Investors reacted strongly to news of the investigation, driving IBM's share price down by about 3.7 percent, to $137.86 a share, by the close of trade. Share prices stabilized in after-hours trading.

The investigation comes at a tough time for IBM. Last week, the company said that while its third-quarter 2015 financials exceeded expectations, revenue for the quarter fell 1 percent compared with the same quarter last year. A 65 percent growth in IBM's cloud business was not enough to overcome weakness in the company's storage business, IBM said.

An IT industry financial analyst said the investigation is actually not likely to result in a long-term hit to IBM.
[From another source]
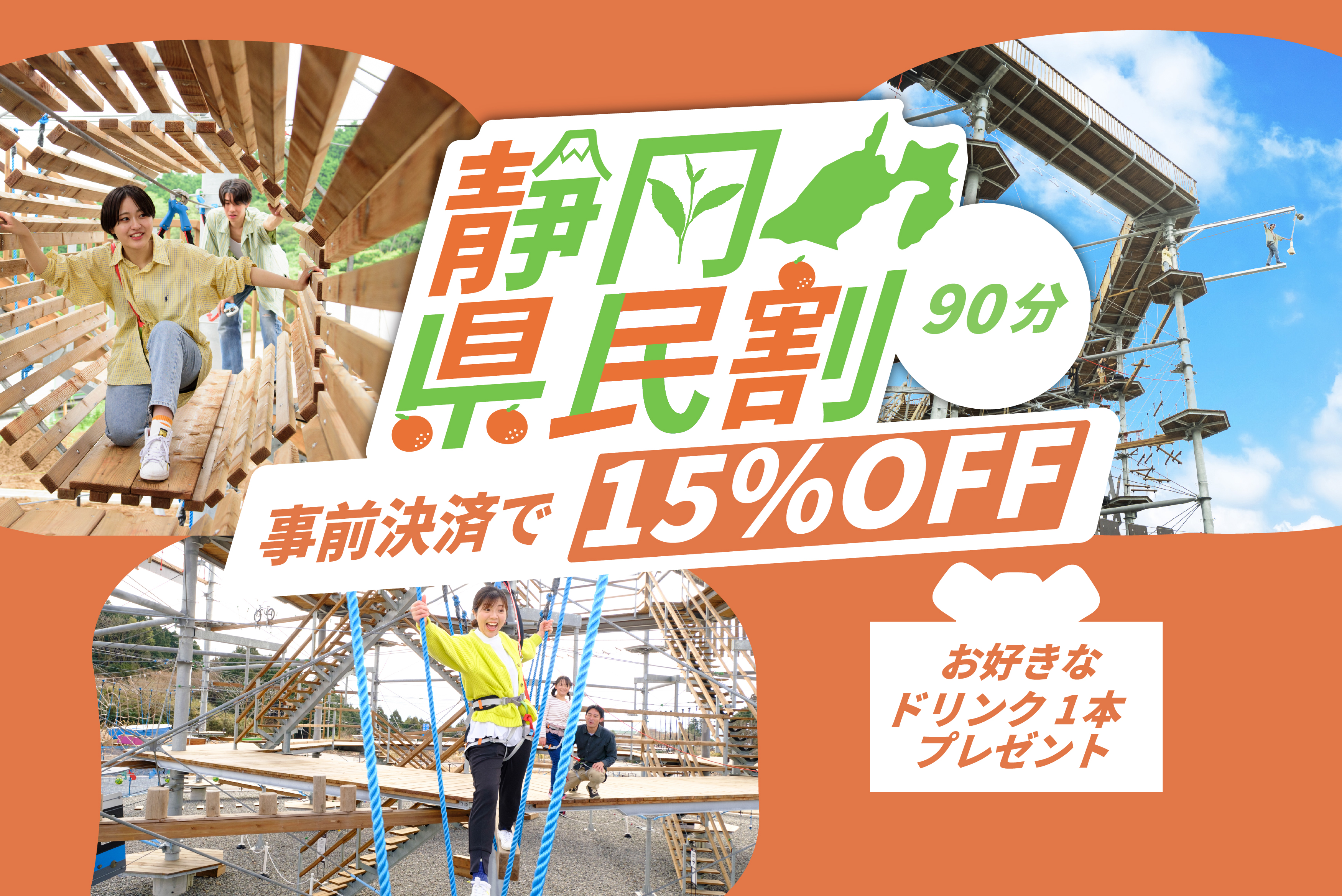 ★静岡県民割引★【事前決済専用 90分・アスレチックコース】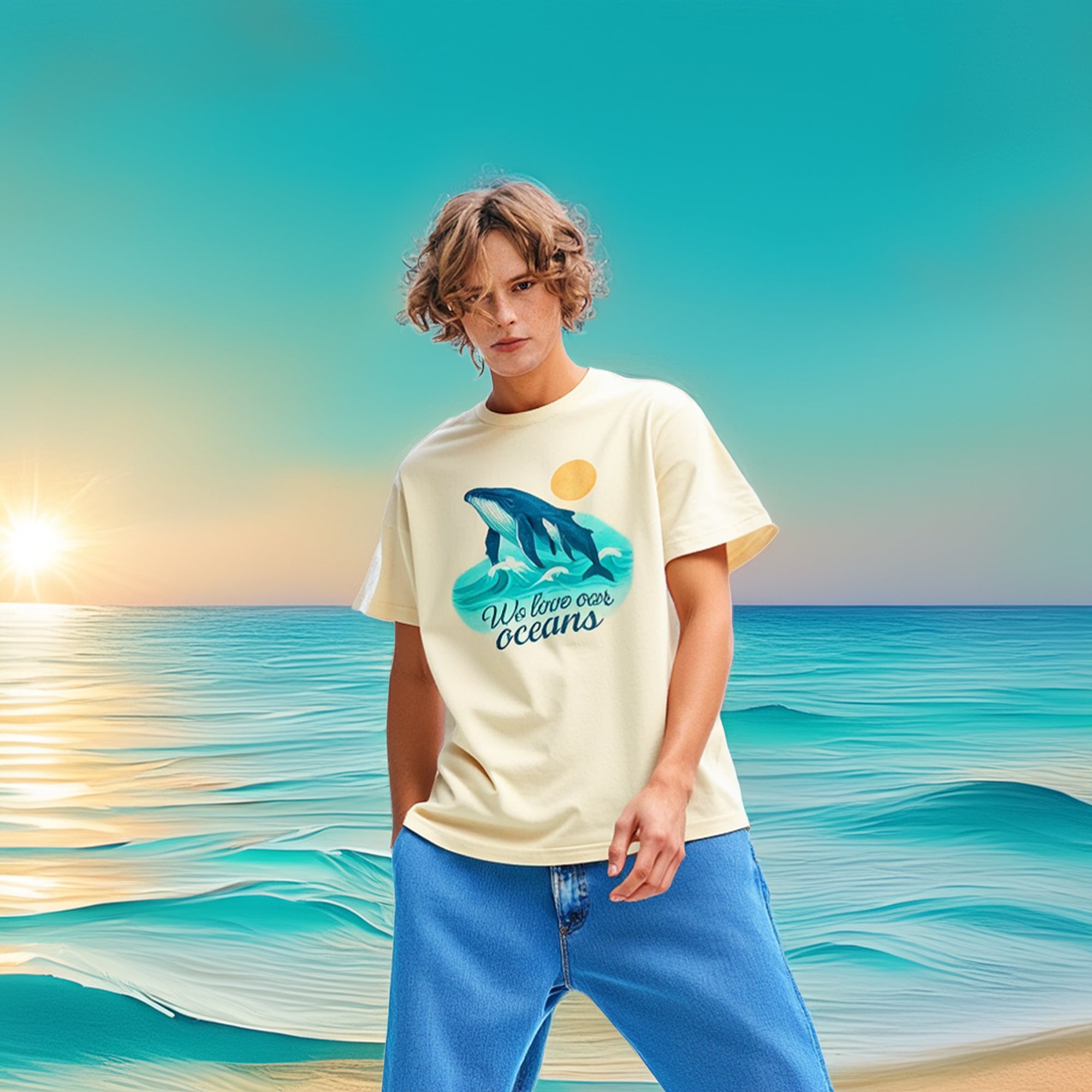 Inspiré des grands cétacés, des vagues turquoise et du soleil doré, ce t-shirt célÚbre la beauté de nos mers et rappelle que la mode peut (et doit) avoir du sens.

Sanford Bernstein analyst Toni Sacconaghi, in a Tuesday research note, wrote that there are still too many questions related to the investigation to determine how significant it is.

Sacconaghi wrote that for now, it appears the SEC has opened a formal investigation, which means the SEC can subpoena witnesses to testify and provide documents.

It is also unclear how broad the investigation is, although it is likely relatively narrow, Sacconaghi wrote. "We note that the 10Q states that the investigation will investigate 'certain transactions' -- we suspect these words were chosen carefully. That said, investigations can and often do broaden in scope," he wrote.

The SEC has investigated IBM several times in the past decade-plus, including for revenue recognition issues, equity compensation grants, and another revenue recognition question specific to cloud revenue, Sacconaghi wrote. "None of the prior investigations led to a materially adverse resolution," he wrote.

Investigations of this type typically range in length from five months to 4.6 years, with an average length of just under two years, Sacconaghi wrote. However, he wrote, if it were a really serious issue, investors would likely have known by now.

Sacconaghi also does not expect a slump in IBM prices caused by the investigation to last long.

"Given that SEC investigations are private and generally have no news flow until their resolution, we were not surprised to find that stock performance appeared to be driven by fundamental factors, not investigation related factors, during the course of an investigation. Our analysis also revealed that stocks underperformed by an average of –3% and –2% in the 1 and 5 days following closure of the SEC investigation," he wrote.